Toutefois, il sera rappelé à Madame [M], qui agit sur le fondement de la responsabilité contractuelle, qu’il lui appartient de justifier de ce préjudice de jouissance. En l’espèce, elle ne fournit aucun élément permettant d’évaluer ce préjudice lié au caractère inesthétique de certains désordres.
En conséquence, elle sera déboutée de sa demande.
Sur la garantie de la société MIC INSURANCE COMPANY :
La demanderesse recherche la garantie de la société MIC INSURANCE COMPANY en sa qualité d’assureur sans toutefois développer le moindre argument à son sujet.
Force est de constater que la garantie de la société MIC INSURANCE COMPANY est recherchée qu’en sa qualité d’assureur de Monsieur [K].
Madame [M] étant déboutée au titre de la garantie décennale et de parfait achèvement notamment, la garantie de l’assureur ne peut être mise en œuvre.
En conséquence, elle sera déboutée de sa demande.
Sur les demandes accessoires :
Aux termes de l’article 696 du code de procédure civile, la partie perdante est condamnée aux dépens, à moins que le juge, par décision motivée, n’en mette la totalité ou une fraction à la charge d’une autre partie.
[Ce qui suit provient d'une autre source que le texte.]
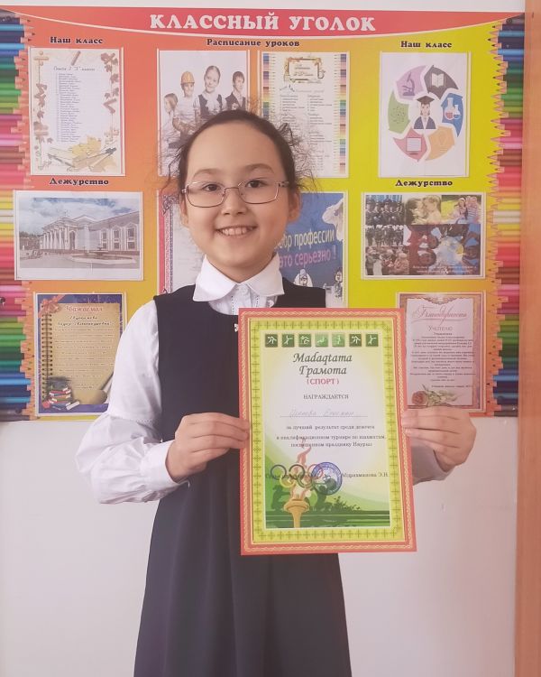 В квалификационном турнире по шахматам Еркежан была награждена грамотой за лучший результат среди девочек.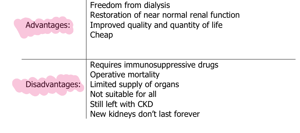What are the advantages and disadvantages of having a kidney transplant to treat CKD?

Par ailleurs, aux termes de l’article 700 (1°) du code de procédure civile, le juge condamne la partie tenue aux dépens ou qui perd son procès à payer à l’autre partie de la somme qu’il détermine, au titre des frais exposés et non compris dans les dépens. Dans tous les cas, le juge tient compte de l’équité ou de la situation économique de la partie condamnée. Il peut, même d’office, pour des raisons tirées des mêmes considération, dire qu’il n’y a pas lieu à ces condamnations.
Monsieur [K] succombe, il sera condamné au paiement de la somme de 1500 euros au titre de l’article 700 du code de procédure civile, et aux entiers dépens en ce compris les frais d’expertise judiciaire.
La demande de la société MIC INSURANCE COMPANY au titre de l’article 700 du code de procédure civile sera rejetée.
L’exécution provisoire est de droit.
PAR CES MOTIFS :
Statuant en premier ressort, après audience publique à juge unique, par jugement contradictoire mis à disposition au greffe du tribunal ;
Déboute Madame [F] [V] épouse [M] de ses demandes formulées au titre de la garantie décennale et de la garantie de parfait achèvement à l’encontre de Monsieur [Z] [S] [K] [Y] pour la reprise de la fissure de l’angle sud-ouest,
Déboute Madame [F] [V] épouse [M] de ses demandes formulées au titre de la garantie décennale et de la garantie de parfait achèvement à l’encontre la société MIC INSURANCE COMPANY, pour la reprise de la fissure de l’angle sud-ouest,
Déboute Madame [F] [V] épouse [M] de ses demandes formulées au titre de la garantie décennale et de la garantie de parfait achèvement à l’encontre de Monsieur [Z] [S] [K] [Y] pour les désordres décennaux hors fissure de l’angle sud-ouest,
Déboute Madame [F] [V] épouse [M] de ses demandes formulées au titre de la garantie décennale et de la garantie de parfait achèvement à l’encontre la société MIC INSURANCE COMPANY, pour les désordres décennaux hors fissure de l’angle sud-ouest,
Déboute Madame [F] [V] épouse [M] de sa demande au titre de la garantie de parfait achèvement concernant les désordres esthétiques,
Condamne Monsieur Monsieur [Z] [S] [K] [Y] à payer à Madame [F] [V] épouse [M] la somme de 9037,70 euros TTC au titre du défaut de conseil et d’information concernant les désordres esthétiques,
Déboute Madame [F] [V] épouse [M] de ses demandes au titre du préjudice de jouissance,
Déboute Madame [F] [V] épouse [M] du surplus de ses demandes,
Condamne Monsieur Monsieur [Z] [S] [K] [Y] à payer à Madame [F] [V] épouse [M] la somme de 9037,70 euros TTC au titre de l’article 700 du code de procédure civile,
Condamne Monsieur Monsieur [Z] [S] [K] [Y] aux entiers dépens de l’instance en ce compris les frais d’expertise judiciaire
Rappelle que l’exécution provisoire est de droit.
AINSI JUGÉ ET PRONONCÉ PAR MISE À DISPOSITION AU GREFFE DE LA TROISIÈME CHAMBRE CIVILE SECTION A DU TRIBUNAL JUDICIAIRE DE MARSEILLE LE VINGT-SEPT MARS DEUX MIL VINGT CINQ.